Principle:Langchain ai Langgraph Cache Backend Selection
| Attribute | Value |
|---|---|
| Knowledge Sources | LangGraph |
| Domains | Caching, Architecture |
| Last Updated | 2026-02-11 15:00 GMT |
Overview
Cache backend selection is the architectural decision of choosing between SQLite-based and Redis-based cache implementations based on deployment requirements such as persistence, distribution, and performance characteristics.
Description
LangGraph provides two cache backend implementations that share a common BaseCache interface, offering key-value storage with optional TTL (time-to-live) expiration and namespace-based key partitioning.
SqliteCache is a file-based implementation backed by SQLite. It stores cached values in a single cache table with columns for namespace, key, expiry timestamp, encoding type, and serialized data. The database uses WAL (Write-Ahead Logging) journal mode for improved concurrency and employs a threading.RLock to serialize access across threads. TTL is implemented at the application level: expired entries are lazily detected on retrieval by comparing the stored expiry against the current UTC time and are purged from the database, avoiding the need for background cleanup processes. Async methods delegate to synchronous implementations via asyncio.to_thread.
RedisCache is a distributed implementation backed by Redis. It stores serialized values using a configurable key prefix (defaulting to "langgraph:cache:") and a compact "encoding:data" binary format that embeds the encoding type name directly in the stored value. It uses Redis MGET for efficient batch retrieval and pipeline for batch writes, minimizing round trips. When a TTL is provided, values are stored with SETEX for native Redis-managed expiration. All Redis operations are wrapped in try/except blocks for graceful degradation: cache failures silently return empty results or skip writes, ensuring the application never crashes due to cache unavailability.
Both backends share the same API surface: get, set, clear (and their async counterparts aget, aset, aclear), with namespaced keys represented as (Namespace, key_str) tuples.
Usage
Use SqliteCache for local development, testing, or single-process deployments where no external cache infrastructure is available. It requires no dependencies beyond Python's standard library and persists data across process restarts.

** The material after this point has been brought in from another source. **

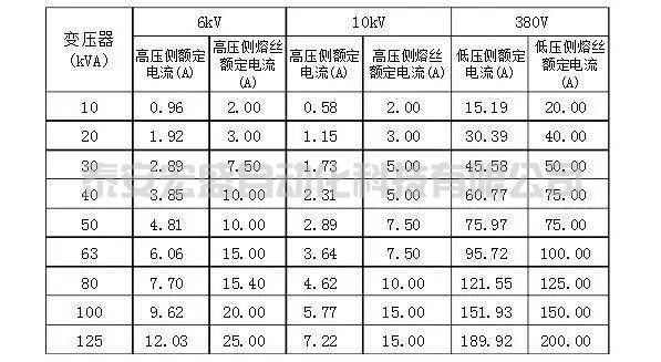 5.選擇低壓側(cè)熔絲電流一般選等于低壓側(cè)額定電流,若需選大一級(jí),最大不能超過額定電流的30%。
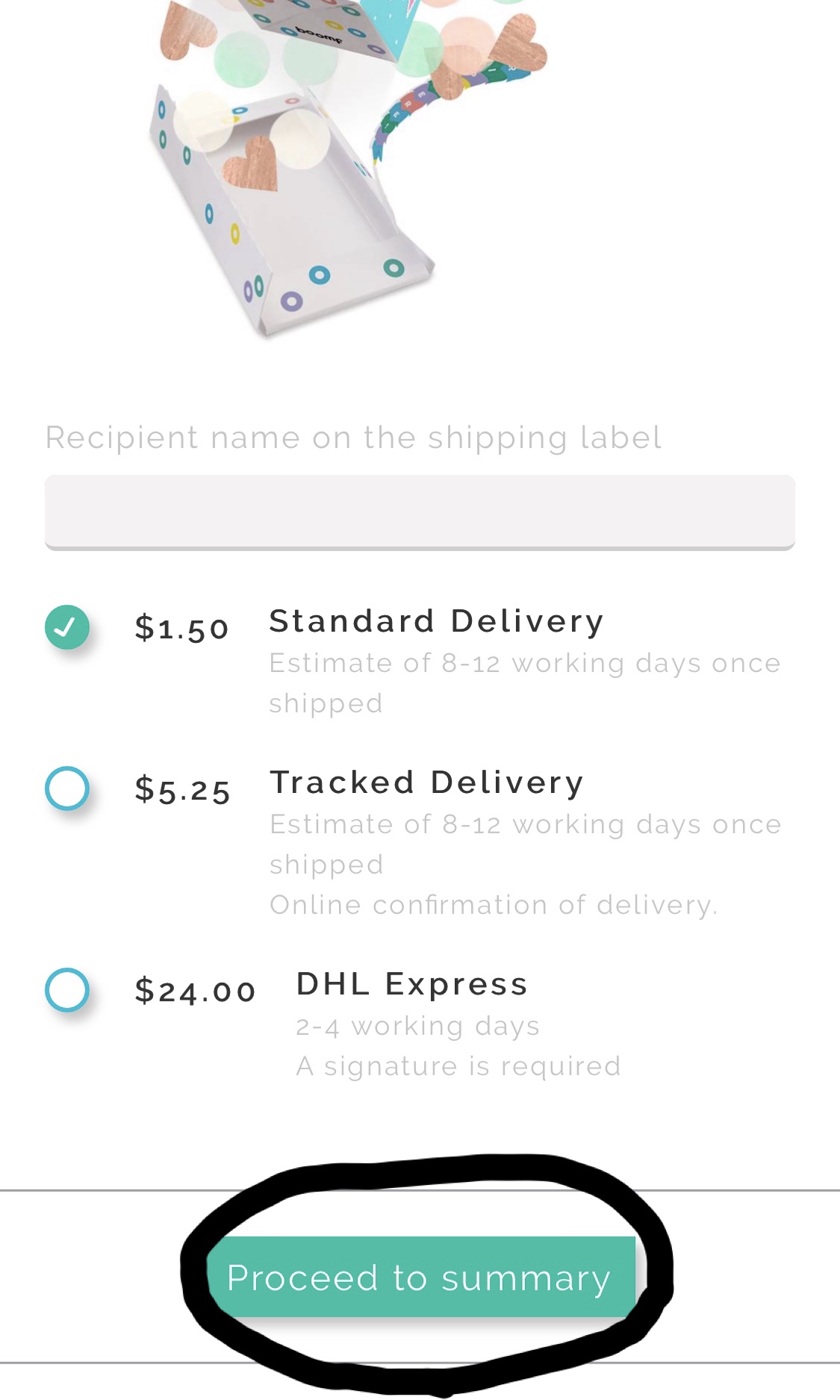 15.配送方法を選んで Proceed to summary をタップ

Use RedisCache for production or multi-process deployments where cache data must be shared across multiple LangGraph instances, or where native TTL management, high-throughput access, and horizontal scalability are required.
Both backends accept an optional custom SerializerProtocol for controlling how values are serialized and deserialized.
Theoretical Basis
Cache backend selection follows the strategy pattern, where a common interface (BaseCache) allows the caching strategy to be swapped without changing client code. The choice of backend is an infrastructure decision driven by non-functional requirements rather than application logic.
The two backends represent opposite ends of the local vs. distributed trade-off spectrum. SqliteCache optimizes for simplicity and zero-dependency operation at the cost of single-process scope, while RedisCache optimizes for shared state and horizontal scalability at the cost of external infrastructure.
The graceful degradation behavior in RedisCache implements the circuit breaker principle: when the cache backend is unavailable, the system falls back to uncached behavior rather than failing. This ensures that caching remains a performance optimization rather than a reliability dependency.
TTL-based expiration follows the time-bounded validity principle, where cached data is automatically invalidated after a specified duration to prevent stale reads. The two backends implement TTL differently -- SqliteCache uses application-level lazy expiration while Redis uses native server-side expiration -- but the semantic guarantee to callers is identical.